Elevated aldosterone and blood pressure in a mouse model of familial hyperaldosteronism with ClC-2 mutation
Gain-of-function mutations in the chloride channel ClC-2 were recently described as a cause of familial hyperaldosteronism type II (FH-II). Here, we report the generation of a mouse model carrying a missense mutation homologous to the most common FH-II-associated CLCN2 mutation. In these Clcn2 R180Q/+ mice, adrenal morphology is normal, but Cyp11b2 expression and plasma aldosterone levels are elevated. Male Clcn2 R180Q/+ mice have increased aldosterone:renin ratios as well as elevated blood pressure levels. The counterpart knockout model ( Clcn2 −/− ), in contrast, requires elevated renin levels to maintain normal aldosterone levels. Adrenal slices of Clcn2 R180Q/+ mice show increased calcium oscillatory activity. Together, our work provides a knockin mouse model with a mild form of primary aldosteronism, likely due to increased chloride efflux and depolarization.

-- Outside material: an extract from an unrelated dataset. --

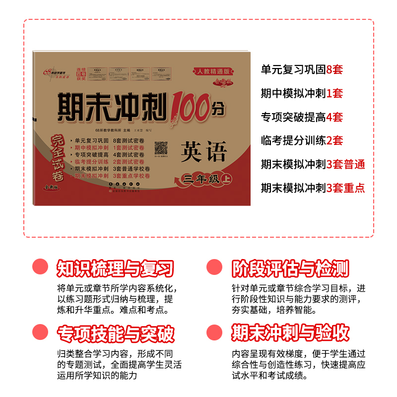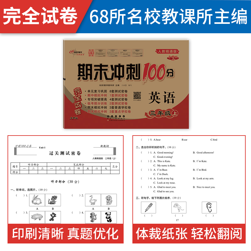 专项同步测试卷子附英语听力68所名校 三年级起点3年级同步训练练习册单元 2025新版 期末冲刺100分小学三年级英语试卷上册人教精通版

We demonstrate a role of ClC-2 in normal aldosterone production beyond the observed pathophysiology. Mutations in the chloride channel ClC-2 have been associated with familial forms of hyperaldosteronism. Here, Schewe et al. generated a mouse model carrying the most common mutation found in patients and find it recapitulates key features of the disease, providing a unique tool for future studies on its pathogenesis.